Background Inadequate weight gain could indicate clinical deterioration in infants and children living with HIV (CLHIV). The World Health Organization's (WHO) weight-for-age z-score (WAZ) growth standards and reference charts are currently used in South Africa to assess weight gain in CLHIV on antiretroviral treatment (ART). Objectives To assess weight gain patterns of infants and children initiated on ART and to compare weight gain patterns between the WHO WAZ growth standards and population-specific curves constructed from data of CLHIV on ART. Method A quantitative, retrospective and descriptive-comparative design was used. The weight gain patterns of 98 infants and children from birth to 10 years old during the 24-month period following ART initiation were recorded and assessed using two different growth charts. Results The children's rate of weight and length gain improved significantly over 24 months since ART initiation, but complete catch-up growth was never achieved.
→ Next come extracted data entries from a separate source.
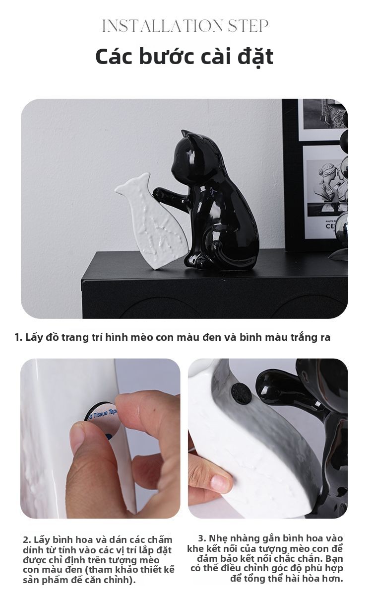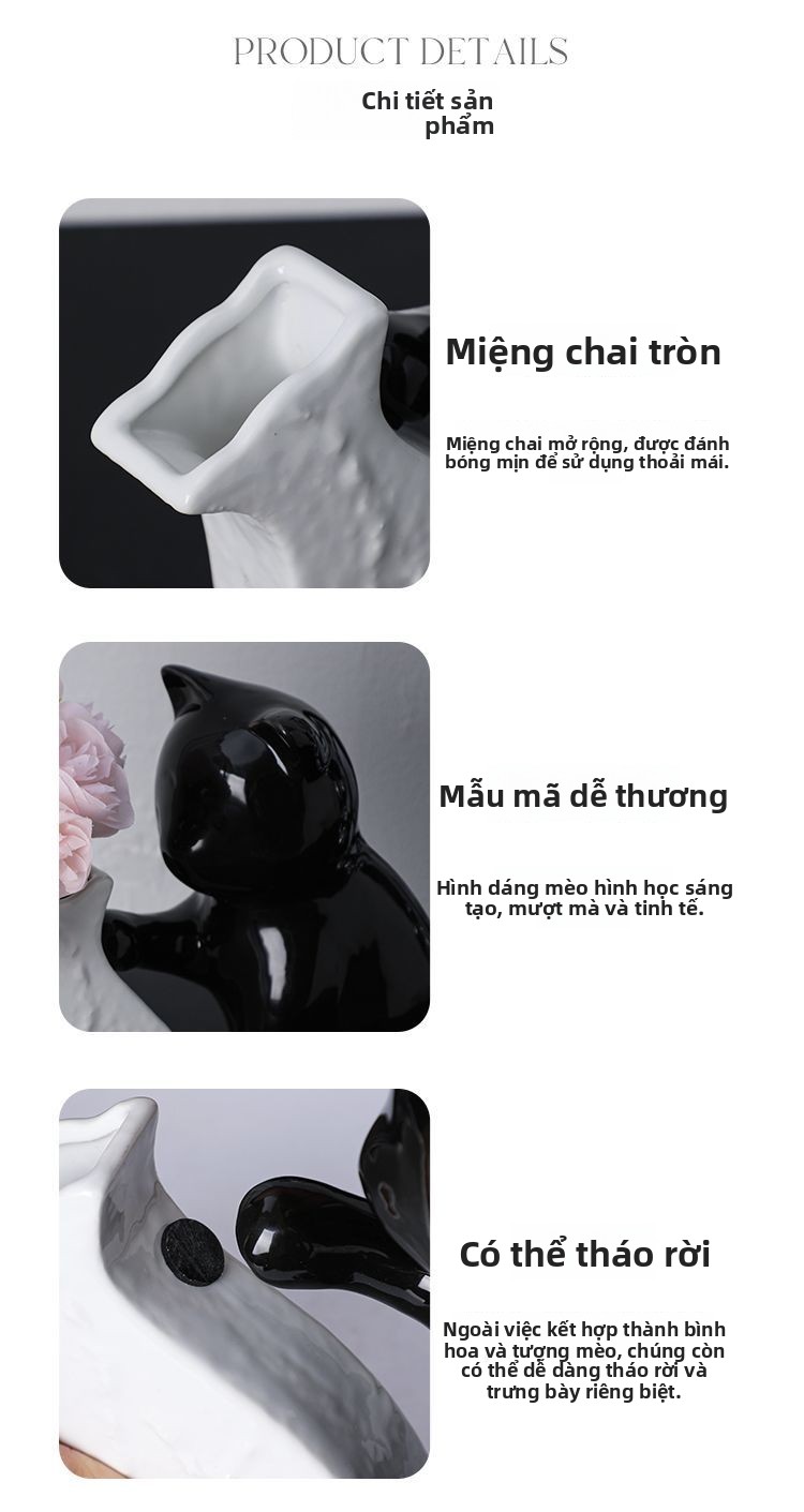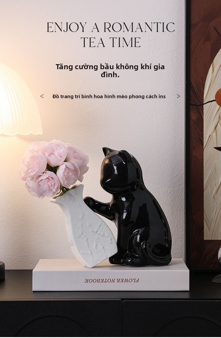 Bình hoa Mèo con dễ thương đẩy bình hoa cắm hoa bình hoa trang trí hoa giả hoa mô phỏng hoa khô phòng khách n
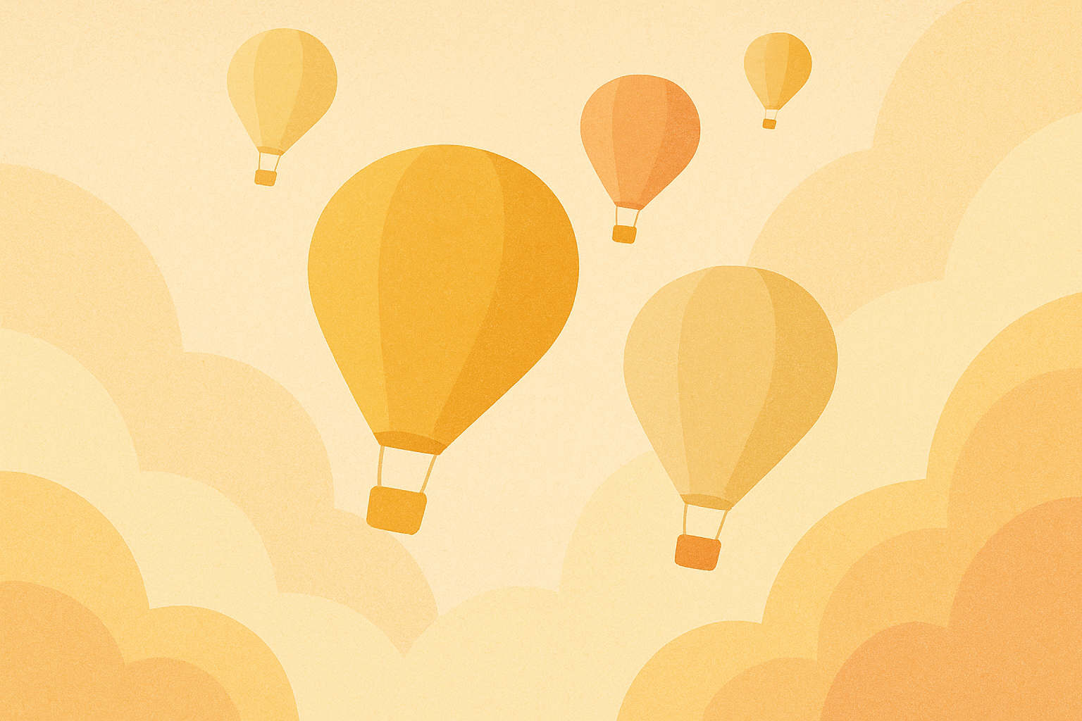 Illustration vectorielle aux tons chauds (or, ocre, beige) représentant des éléments symboliques de réussite : trophée, ruban, étoiles, ampoule, graphique en croissance, livre ouvert et branche de laurier. Style minimaliste texturé avec fond blanc cassé, parfait pour visuel de carte postale professionnelle ou communication d'entreprise.
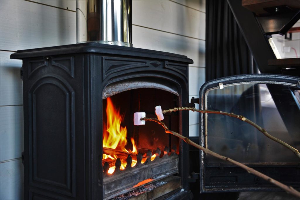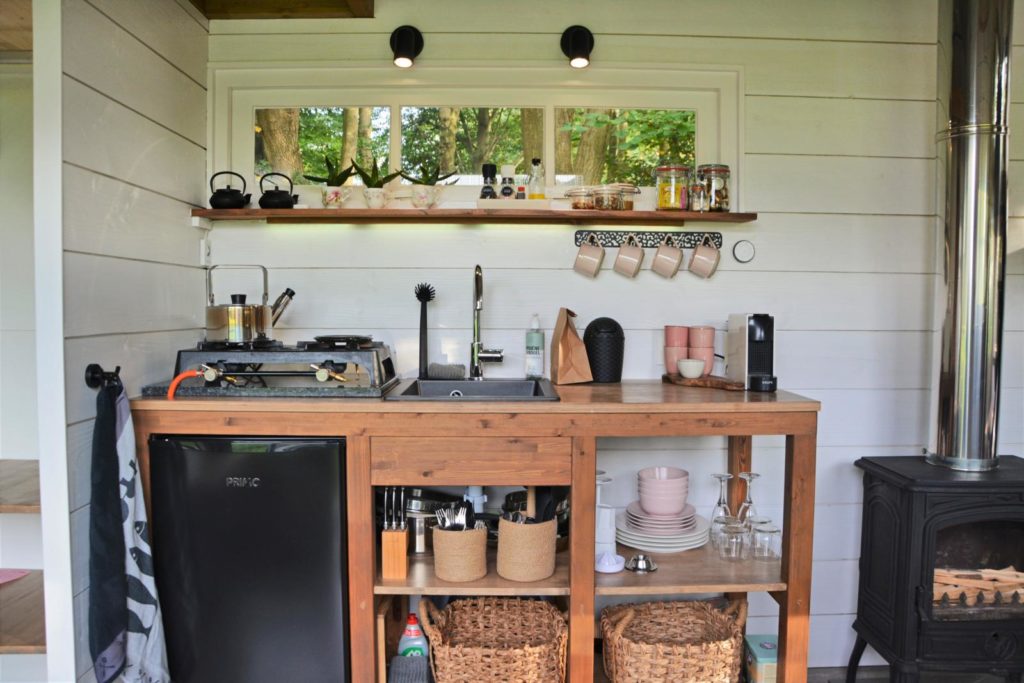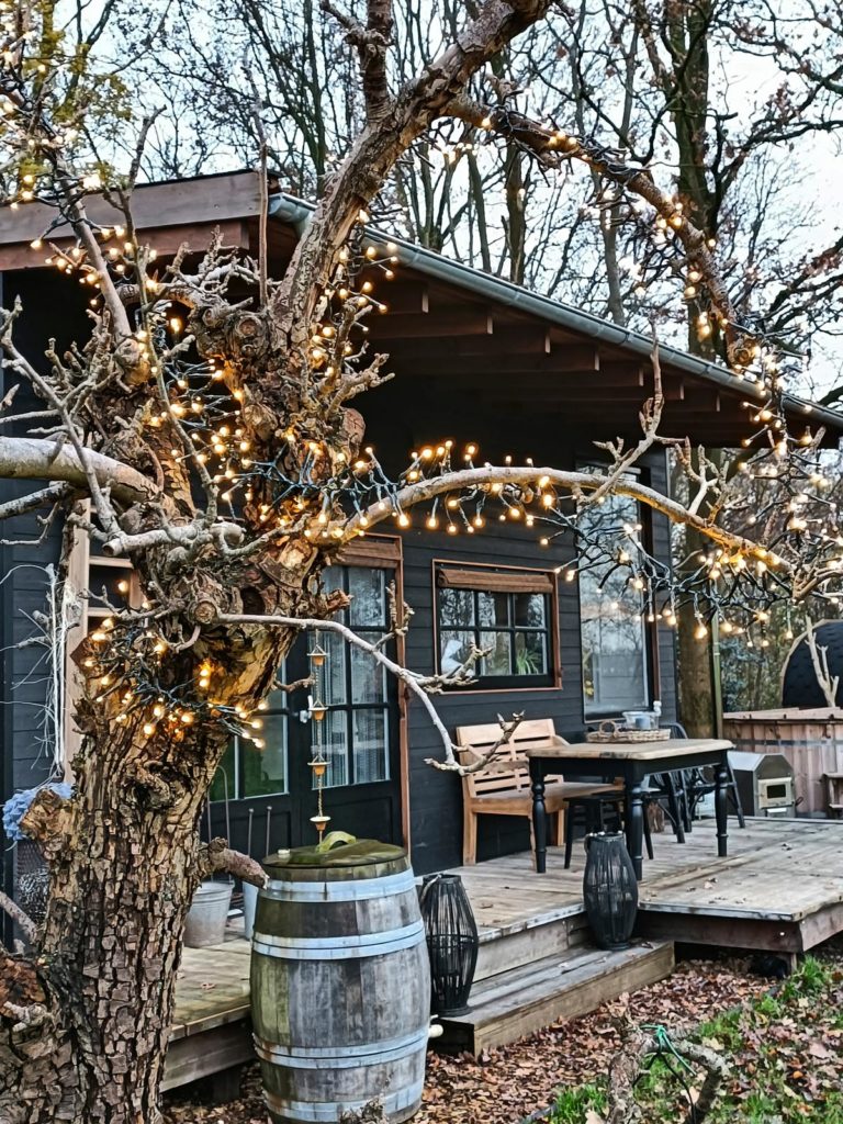 Als we de auto parkeren op Landgoed de Kievit in het Belgische Meersel-Dreef, net over de grens met België, toveren de laatste zonnestralen de wolken roze. Via een slingerend bospad lopen we naar het Tiny house. Ernaast knappert al een vuurtje in de kachel die het water van de hottub verwarmt. Dat is nog eens een warm welkom! Slingers lichtjes, windlichten en kaarsen verlichten de omgeving van het huisje.
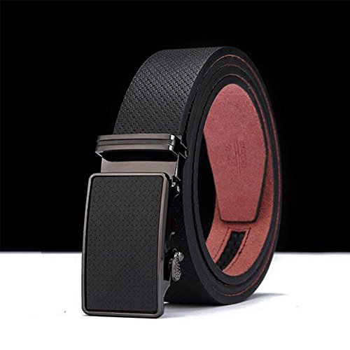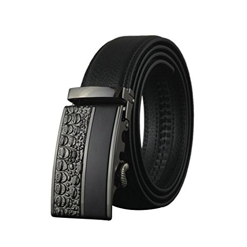 Men's Belt Ratchet Leather Dress Belt with Automatic Buckle 35mm Wide 27"-40" Embossed Black
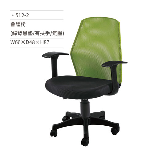 高級網椅/會議椅(綠背黑墊/有扶手/氣壓)512-2 W66×D48×H87
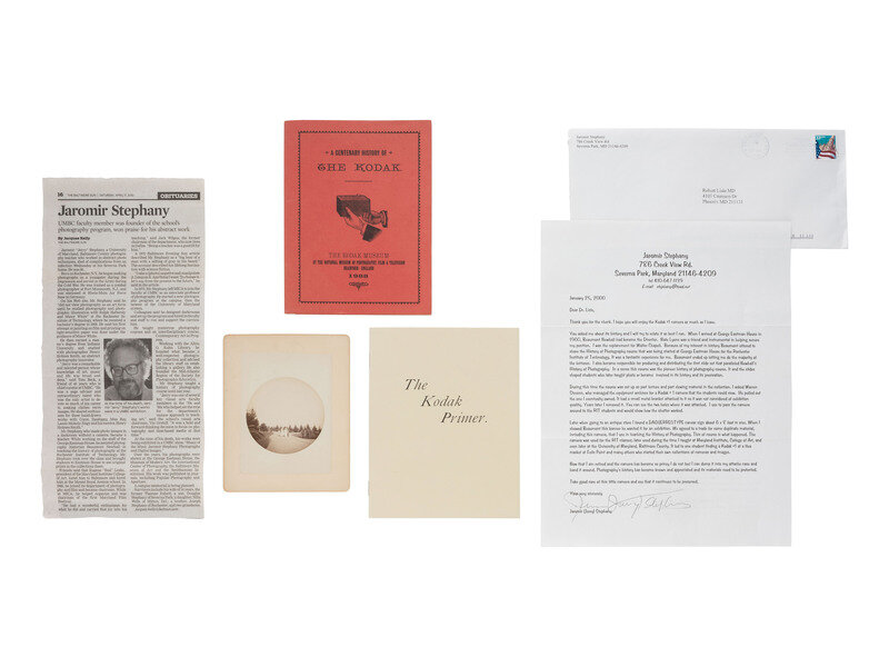 Also included is a copy of The Kodak Primer (1888). -- A Centenary History of The Kodak (1988). -- Kodak photograph on cardstock mount, 5 1/4 x 4 1/4 in. overall.
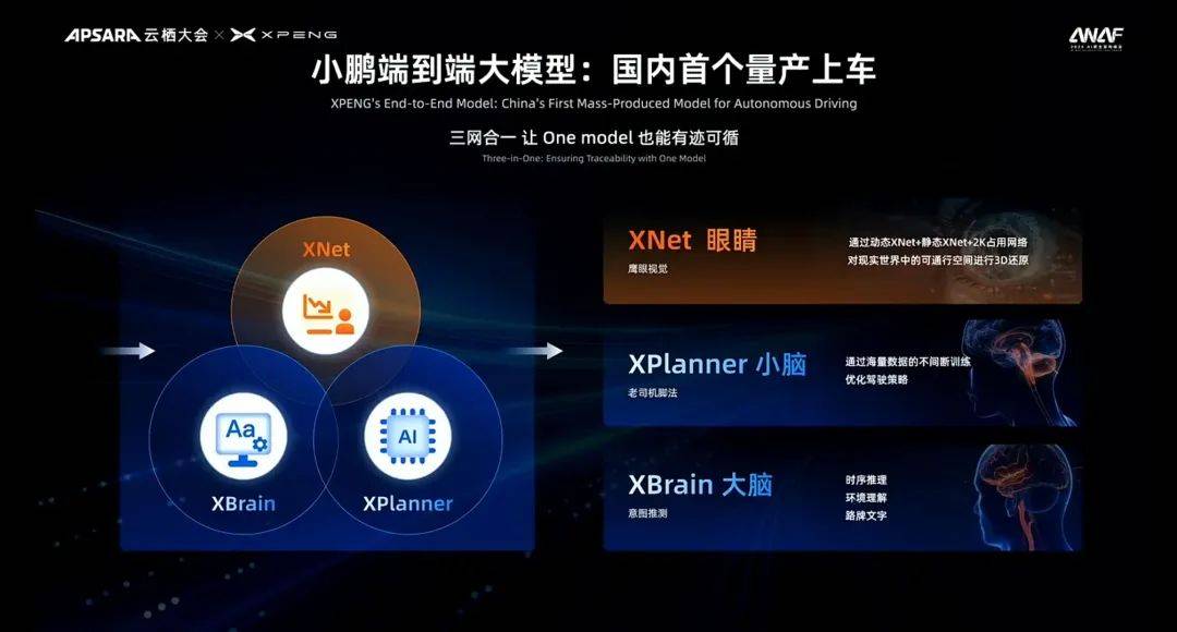 是特指將分段式端到端方案中的大語言模型XBrain、端到端感知大模型XNet、端到端規劃大模型XPlanner合并成一張大網,實現一段式端到端方案。
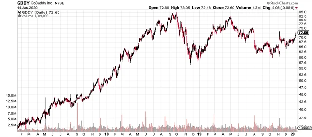 Akcie poskytovatele all-in-one řešení pro tvorbu webů sice loni posílily "jen" o 5 %, ale výsledky za třetí čtvrtletí překonaly (s výjimkou volného cash flow) očekávání analytiků. Firma má pro rok 2020 poměrně ambiciózní plány, což by podle analytiků mohlo znamenat vysoké investice. S disciplinovaným přístupem by to firma měla zvládnout. Cílové ceny se pohybují mezi 81 a 95 USD (průměr 89,86 USD) při současné ceně 72,6 USD (zavírací ceny jsou ze 14. ledna).

Most (69%) of the children had increased weight gain according to the WAZ growth standard and reference charts versus only 16% according to the HIV-specific weight gain curves. Conclusion Antiretroviral treatment improved weight and height gain in CLHIV, but the interpretations of weight gain differed significantly between the WHO chart and HIV-specific weight gain curves. Population- and treatment-specific references could improve weight monitoring in CLHIV and assist in the timeous identification of malnutrition.

中文翻译:

接受抗逆转录病毒治疗的儿童从出生到 10 岁体重增加。

背景 体重增加不足可能表明感染艾滋病毒 (CLHIV) 的婴儿和儿童的临床状况恶化。南非目前使用世界卫生组织 (WHO) 的年龄别体重 z 分数 (WAZ) 生长标准和参考图表来评估 CLHIV 接受抗逆转录病毒治疗 (ART) 后的体重增加。目标 评估开始接受 ART 治疗的婴儿和儿童的体重增加模式,并比较 WHO WAZ 生长标准与根据 CLHIV 数据构建的特定人群曲线之间的体重增加模式。方法 采用定量、回顾性和描述性比较设计。在 ART 开始后的 24 个月期间,记录了 98 名婴儿和儿童从出生到 10 岁的体重增加模式,并使用两种不同的生长图表进行了评估。结果 孩子们的 自 ART 开始以来的 24 个月内,她的体重和身长增加率显着提高,但从未实现完全追赶增长。根据 WAZ 生长标准和参考图表,大多数 (69%) 儿童的体重增加增加,而根据 HIV 特定体重增加曲线,只有 16% 的儿童增加了体重。结论 抗逆转录病毒治疗改善了 CLHIV 的体重和身高增加,但 WHO 图表和 HIV 特异性体重增加曲线对体重增加的解释存在显着差异。特定人群和特定治疗的参考可以改善 CLHIV 的体重监测,并有助于及时识别营养不良。根据 WAZ 生长标准和参考图表,大多数 (69%) 儿童的体重增加增加,而根据 HIV 特定体重增加曲线,只有 16% 的儿童增加了体重。结论 抗逆转录病毒治疗改善了 CLHIV 的体重和身高增加,但 WHO 图表和 HIV 特异性体重增加曲线对体重增加的解释存在显着差异。特定人群和特定治疗的参考可以改善 CLHIV 的体重监测,并有助于及时识别营养不良。根据 WAZ 生长标准和参考图表,大多数 (69%) 儿童的体重增加增加,而根据 HIV 特定体重增加曲线,只有 16% 的儿童增加了体重。结论 抗逆转录病毒治疗改善了 CLHIV 的体重和身高增加,但 WHO 图表和 HIV 特异性体重增加曲线对体重增加的解释存在显着差异。特定人群和特定治疗的参考可以改善 CLHIV 的体重监测,并有助于及时识别营养不良。